# Vulva & Pregnancy - PIC



## olivehill (Aug 17, 2009)

I keep second guessing myself on this gilt and finally came to a breaking point tonight and took a picture of her vulva in hopes some of the more experienced breeders might be willing to weigh in. :teehee:

I know for sure this gilt was bred. Earlier in the pregnancy she was carrying very, very much out to the sides -- usually one side or the other -- and I both saw and felt fetal movement. And then it disappeared. I *think* she just dropped and started carrying it looser/more downward, but I still worry that she aborted. It had been extremely hot here so I suppose that's a possibility. (Note: Yes, she has always had access to both shade and a wallow.) 

I've looked at her vulva so much I don't think I'd see changes in it if they jumped up and bit me. Obviously every gilt's vulva will look a bit different than any other's, but if your experienced eyes had to call this one would you say bred... or not? 

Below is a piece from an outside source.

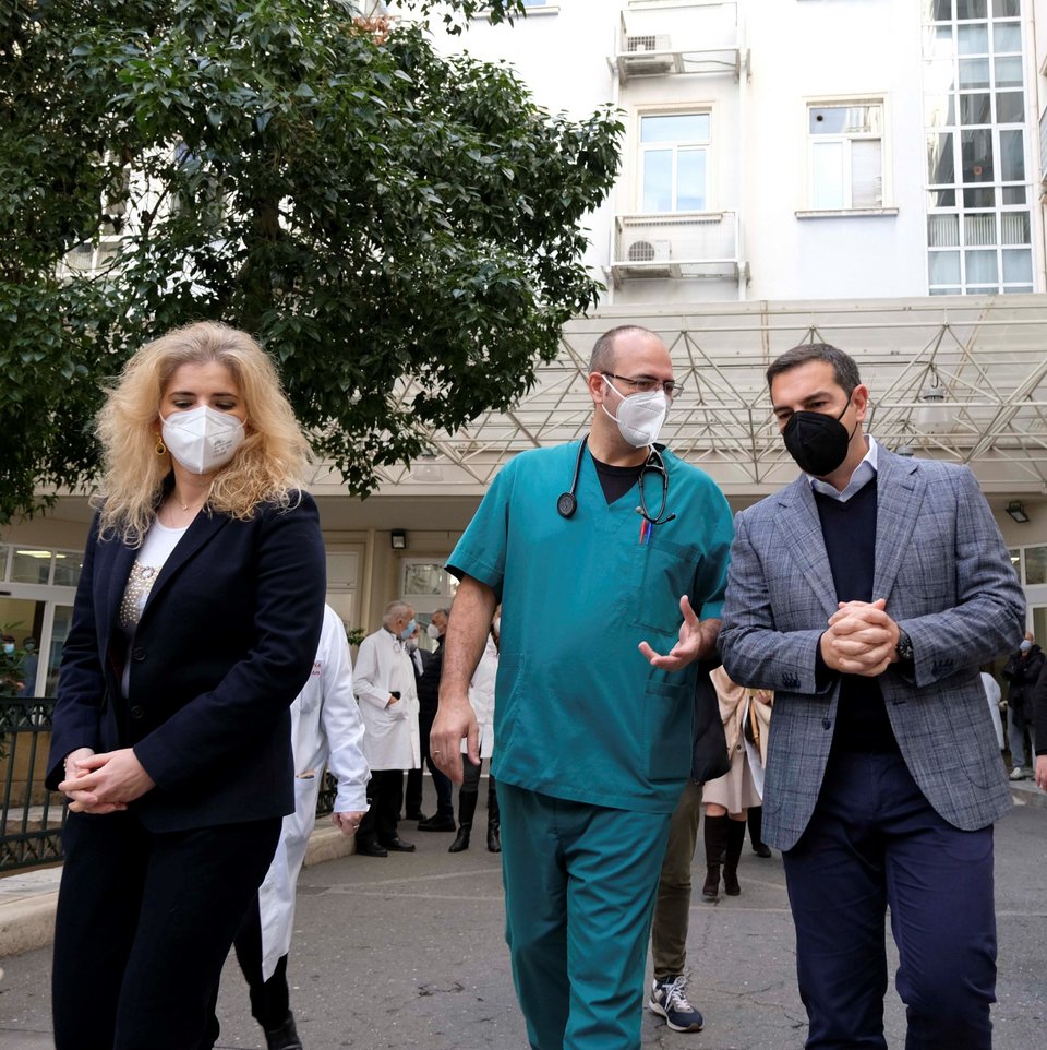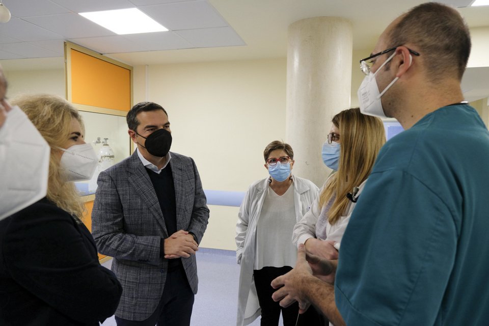 Το νοσοκομείο «Αλεξάνδρα» επισκέφτηκε ο Αλέξης Τσίπρας, καθώς, όπως είπε, θέλησε να βρεθεί στο πλευρό των εργαζομένων που δίνουν τη μάχη στην πρώτη γραμμή κατά της πανδημίας.

She was co-housed with the boar this spring and I estimate her due date to be around Sept. 4th. if that's of any help.


----------



## HeritagePigs (Aug 11, 2009)

I don't think you can tell by looking at the vulva if she is bred until the last day or two. That's when I've seen it swell up to twice it's normal size. Of course by then you can see the piglets moving around inside...


----------



## olivehill (Aug 17, 2009)

Hmmm. Breeding is a new endeavor to us, but I was under the impression that the vulva would tilt upward more and more throughout the pregnancy. Is this not true?


----------



## HeritagePigs (Aug 11, 2009)

I have never seen that nor read it and I do a lot of reading. Walter said something about it the other day. Walter?


----------



## Curtis B (Aug 15, 2008)

I have the same question, as mine was due (to my calculations) last week. I believe Walter said something about the clit hood pointing up. Can you tell much by her "bags"? I know when I weened my sowslast litter she really shriveled up, and her bags looks fuller every day, I tried to express some milk last week, but I have never milked a sow, don't know if you even can milk a sow......


----------



## olivehill (Aug 17, 2009)

This is a gilt, this would be her first litter so her teats are still small and relatively tight as they have never filled before. I was under the impression that they would not begin to fill until 1-2 weeks prior to farrowing, if at all as I've read some gilts and sows won't fill up until they farrow. If my calculations are correct she's still 3 weeks and 4 days out. So no help there either. 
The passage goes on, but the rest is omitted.